Figure 10: Study from Reid and Sigman developing statistical models for CPA-catalysed nucleophilic addition reactions to imines for different classes of nucleophiles [120].

Due to their prominence in organocatalysis, CPAs have been a common catalyst class when considering mechanistically transferable reactions for modelling. Further work on CPA catalysed reactions was performed by Shoja et al. [122], considering a multitude of different reaction types, ranging from hydrogenations to epoxidations and dearomatization reactions. In a further study, the generalisation of the obtained model to reactions involving more complex substrates was demonstrated [123]. For the comparison of different reaction descriptors, Asahara and Miyao [108] considered different CPA-catalysed nucleophilic additions to imines, comprising aza-Mannich reactions and Friedel–Crafts reactions among others. Different reactions were also combined by Liles et al. [124]. For a transfer hydrogenation reaction, the authors used a workflow consisting of training set design, classification, MLR and extrapolation to predict a new class of CPA catalysts with enhanced enantioselectivity.
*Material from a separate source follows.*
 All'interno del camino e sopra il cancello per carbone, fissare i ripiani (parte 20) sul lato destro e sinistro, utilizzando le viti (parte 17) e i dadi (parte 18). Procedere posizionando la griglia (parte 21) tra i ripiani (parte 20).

Subsequently, the new catalyst class was tested for cyclodehydration and oxetane desymmetrisation reactions, where a comprehensive model was developed for the three different reactions (Figure 11A).

[1860-5397-20-196-11]

Figure 11: Selected examples of studies where mechanistic transferability was exploited to model multiple reactions together. (A): Liles et al. used univariate classification and MLR to develop a new CPA catalyst achieving high enantioselectivity for transfer hydrogenations. A comprehensive model for multiple reactions was developed under the assumption of mechanistic transferability [124]. (B): List and co-workers employed Support Vector Machines trained on data of different cyclisations to find an optimal catalyst for tetrahydropyran synthesis [107]. R = general residue, Ar = aromatic residue.

Mechanistic model transferability for CPA-catalysed Minisci reactions [125] was utilised for the derivatization of quinolines and pyridines. Models trained on these compound classes show good generalisation towards other nitrogen-containing heteroaromatics including pyrimidines and pyrazines.
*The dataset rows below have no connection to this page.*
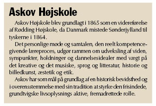 Askov Højskole i Sydjylland blev grundlagt i 1865 som en videreførelse af Rødding Højskole, da Danmark mistede Sønderjylland til tyskerne i 1864. Askov Højskole fik stor betydning for dannelsen af den danske nationale, kulturelle, politiske, økonomiske og ikke mindst – kristelige identitet.
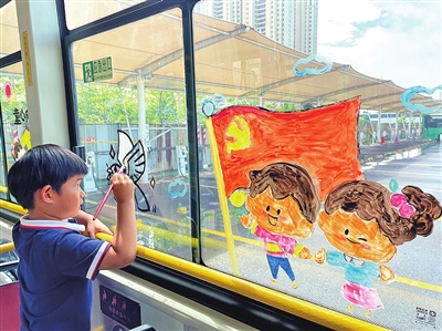6月30日,市南巴士第八分公司联合燕园幼儿园开展的“童心向党绘车厢”活动别开生面。20余名幼儿在7路公交车上以天真的笔触描绘对党的祝福——金色的党徽旁环绕着彩虹,和平鸽衔着橄榄枝飞过天安门,稚嫩的画作引得候车乘客纷纷驻足拍照。“孩子们把对党的爱画进了细节里。”带队教师吴老师指着车窗上一朵小花解释,“他们说这是送给党的生日礼物。”
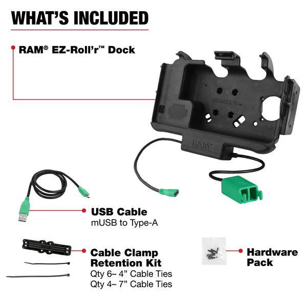 The RAM EZ Roll'r Modular Dual USB Dock for Samsung Tab Active5 & Tab Active3 (RAM-HOL-SAM60PD2NU) was thoughtfully designed to meet the demands of commercial truck drivers, field service technicians, pupil transporters, logistics managers, forklift operators, and more. Power and data sync capabilities are provided to the device through GDS pogo pins while taking advantage of this cradle's dual USB port to support up to two additional peripherals, making this the ideal, compact mounting solution for your mobile workstation. This modular dock is compatible with the RAM Skin or factory device skin along with most RAM accessories including: Temperature Control Accessories, RAM NFC Extender, and side bracket accessory attachments. Modular docks are not compatible with the GDS Hand-Stand but are compatible with the GDS Roto-Mag. Access to the stylus remains while the device is docked. Included is a set of four nuts and bolts to connect the dock to any RAM components containing the universal AMPS hole pattern. Also included is the mUSB female pigtail, GDS USB 2.0 cable, cable clamp, and zip ties. BrandSymbolRAM-HOL-SAM60PD2NUProducer code793442016165SeriesProduct Weight413 gHardware Included(4) #8-32 x 5/8" Machine Screws|(4) #8-32 Nylock Nuts|(1) GDS® Genuine USB 2.0 Straight Cable|(1) Optional Cable Clamp Housing|(4) Large Cable Ties|(6) Small Cable TiesHole Pattern4-Hole AMPS: 1.181" x 1.496"MaterialsHigh strength compositePackaging TypePoly BagInput Voltage4.4-5.4VDC (USB power source dependent)Output Voltage4.4VDC-5.4VDC (USB power source dependent)Power Output500mA per USB portInput ConnectormUSB FemaleInput Cable Length214mmOutput Connector(2) USB 2.0 Type AOutput Cable Length217mmComponent partsRAM-GDS-CAB-CLAMP1URAM-GDS-CAB-MUSB2-2UPeripheral Output900mAh (per port) - CompatibilitySamsung Tab Active3Samsung Tab Active5
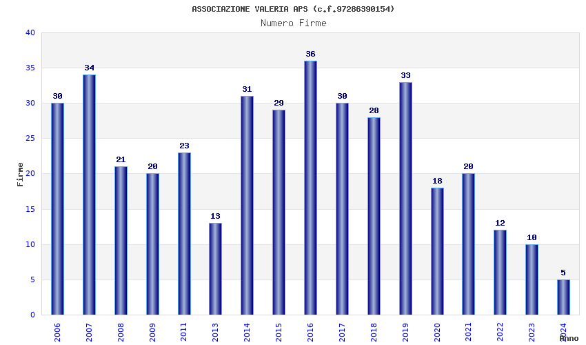 Anno Firme Importi Media Naz. Reg. Prov. Comu.

The importance of mechanistic understanding for model building was underlined by Kuang et al. [126], where the authors considered multi-catalyst enantioselective reactions, where one catalyst was an organocatalyst, either CPA or an amine. The co-catalyst was included in the ML model by being considered as a nucleophile or electrophile, depending on the reaction mechanism. Descriptors allowed for the inclusion of a variety of co-catalysts, ranging from Fe-piano stool complexes to copper complexes. The consideration of co-catalysis into model development further expands the considerable reaction space in organocatalysis.

The discussed principle of mechanistic transferability has also been employed outside of CPA catalysis, with a focus on amine-based hydrogen-bond donors, for example imidodiphosphorimidate-type catalysts for the construction of THF and THP rings [107] (Figure 11B). Werth and Sigman [127] investigated multiple nucleophilic additions to nitroalkenes, catalysed by bifunctional hydrogen bond donors, observing good correlations to new bi-functional donors, new nucleophiles, new electrophiles and even similar cascade-type reactions.

In the authors’ perspective, the exploitation of the concept of mechanistic transferability is a promising avenue for the application of ML in enantioselective organocatalysis, as combining data from multiple reactions enlarges datasets. As such, it is an important stepping stone towards the development of more generally applicable models. However, when applying these models, potential mechanistic breaks as well as utility of the chosen representations (descriptors) across the entire dataset have to be considered. Currently, the work mainly focuses on CPAs for which a vast number of reactions are reported. While this underlines the importance of CPAs as enantioselective organocatalysts, work exploring the mechanistic transferability of other catalyst classes should not be neglected in order to fulfill the potential that the application of ML in organocatalysis holds.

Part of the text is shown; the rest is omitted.